The Transitional National Legislative Assembly has revoked its resolution confirming nine members to the East African Legislative Assembly
The nine members were appointed through a presidential decree and were confirmed by the assembly in March.
This [Tuesday] morning, the chairperson of the committee of Legislation and Legal Affairs, Dengtiel Ayuen Kur, raised a motion to withdraw the parliamentary approval of the nine members.
The parliament’s decision to withdraw its approval comes after a court in Tanzania issued an order stopping the swearing in of the members, but the speaker said the resolution has nothing to do with the court order.Honorable Deng said some provisions for sending members to the East African Legislative Assembly were not fulfilled.
“Though the Republic of South Sudan sent it members to above Assembly in March 2017 it turn out that some basic requirements of treaty was not satisfied,” said Hon. Dengtiel.
These include a representation of women by at least a third of the members and election of the members in the assembly.
“Our list had only two honorable [women]. Our Transitional National Legislative Assembly didn’t have a basic law on election of the EALA members to guide,” he added.
Article 50 of the East African Legislative Assembly on Election of Members of the Assembly says:
The National Assembly of each Partner States shall elect, not from among its members, nine members of the Assembly, who shall represent as much as it is feasible, the various political parties represented in the National Assembly, shades of opinion, gender and other special interest groups in that Partner State, in accordance with such procedure as the National Assembly of each Partner State may determine.
Honorable Dengtiel said all the requirements should have been fulfilled.
The MPs agreed to the motion and revoked their approval of the members.
The house speaker, Anthony Lino Makana, said a six member committee should be formed to inform the house about the election law of the East African Legislative Assembly.
“Three of them must be lawyers and the others can be other professions, so that they go and make this law and bring it to us tomorrow [Wednesday],” Makana said.
The speaker then read the names of the committee members; Hon. Dengtiel Kur, Hon. Abraham Biar, Hon. Professor George Lado Boreng, Hon. Margaret Samuel Aru and Hon. Martha Martin.
They are tasked to study Article 50 of the EALA and suggest legal ways of nominating the country’s representative to the East Africa Legislative Assembly.
The Tanzanian court had given an order in response to a petition that challenges the appointment of the nine members through a presidential decree.
The members include Dr. Gabriel Garang Aher, Gai Deng Nhial, Joseph Ukel Ubango, Dr. Anne Itto Leornado and Issac Aziz Justin.
Others are Adil Elais Sandrai, Gabriel Alaak Garang, Thomes Dut Gatkek and Gideon Gatpan Thoar.
Last week, the East African Court of Justice said it granted an interim ex parte or “one-sided law” order restraining the EALA from administering the oath of office, or otherwise recognizing the 9 nominees from South Sudan pending the hearing on 15th June 2017.

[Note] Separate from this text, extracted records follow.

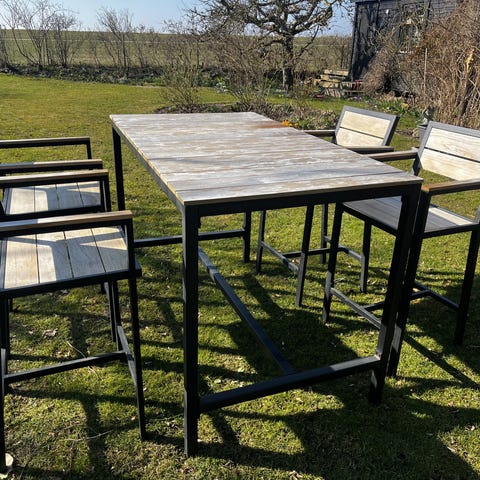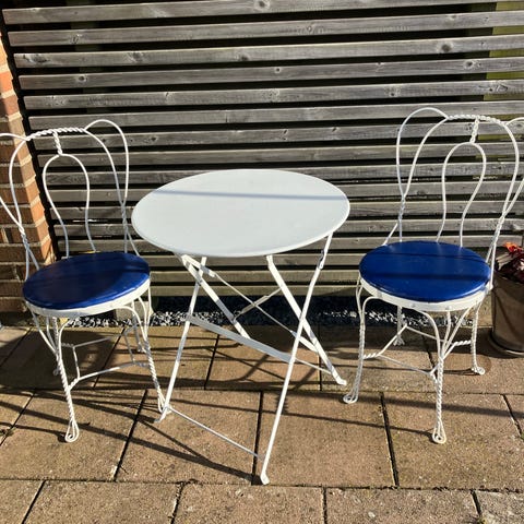 Caféset med ett mindre bord och två stolar i vitmålat Akaciaträ. Både bord och stolar är hopfällbara, vilket underlättar förvaring när de inte används. Passar för uteplats, balkong eller trädgård. Sitsar och ryggstöd är utförda i ribbad trädesign. Setet är avsett för utomhusbruk men kan även användas inomhus vid behov.
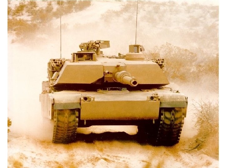 M 1 Abrams Main Battle Tank • Crew 4 • Armamament 120 mm main gun 7. 62 mm coaxial machine gun 7. 62 mm anti-aircraft machine gun. 50 cal(12. 7 mm) AA MG 2 x 6 smoke dischargers • Ammunition 40 x 120 mm 1, 000 x. 50 cal 11, 400 x 7. 62 mm 24 x smoke grenades • Length 7. 918 m Width 3. 653 m Height 2. 375 m Weight 68 tons • Engine Textron Lycoming AGT 1500 gas turbine developing 1, 500 hp at 3, 000 rpm • Max Road Speed 72 kph • Gradient 60% Side Slope 40% • Fuel Capacity 505. 3 gal Max Range 498 km Fording 1. 2 m • Verticle Obstacle 1. 2 m Trench 2. 7 m • Armor Classified • NBC System Yes • Night Vision Equipment Yes
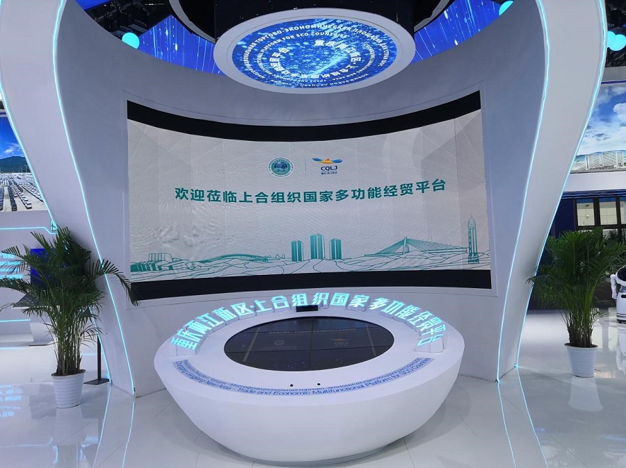 步入展館內(nèi)部,映入眼簾的則是“兩江新區(qū).上合組織國家多功能平臺(tái)”。用手輕輕滑動(dòng)電子屏翻頁鍵,可一覽兩江新區(qū)與上合組織國家的經(jīng)貿(mào)往來、合作成效。

This decision was made after an application was filed by Mr. Wani Santino Jada, a South Sudanese, against the Attorney General of South Sudan, the Speaker of the Transitional National Legislative Assembly in South Sudan and the Secretary General of the East African Community.
Mr. Wani petitioned the three institutions saying that in March 2017, President Salva Kiir appointed the 9 persons in violation of Article 50 of the Treaty for the Establishment of the East African Community.
The court hearing was comprised of Justices Monica Mugenyi, Principal Judge; Isaac Lenaola, Deputy Principal Judge; Faustin Ntezilyayo, Judge; Fakihi Jundu, and Audace Ngiye.
The court will hear the petition stopping their membership next week.
South Sudan officially joined the East African Community last year, with concerns from opposition leaders that this would turn the country into a dumping ground for goods from the region.
Ray Okech in Juba contributed to this report.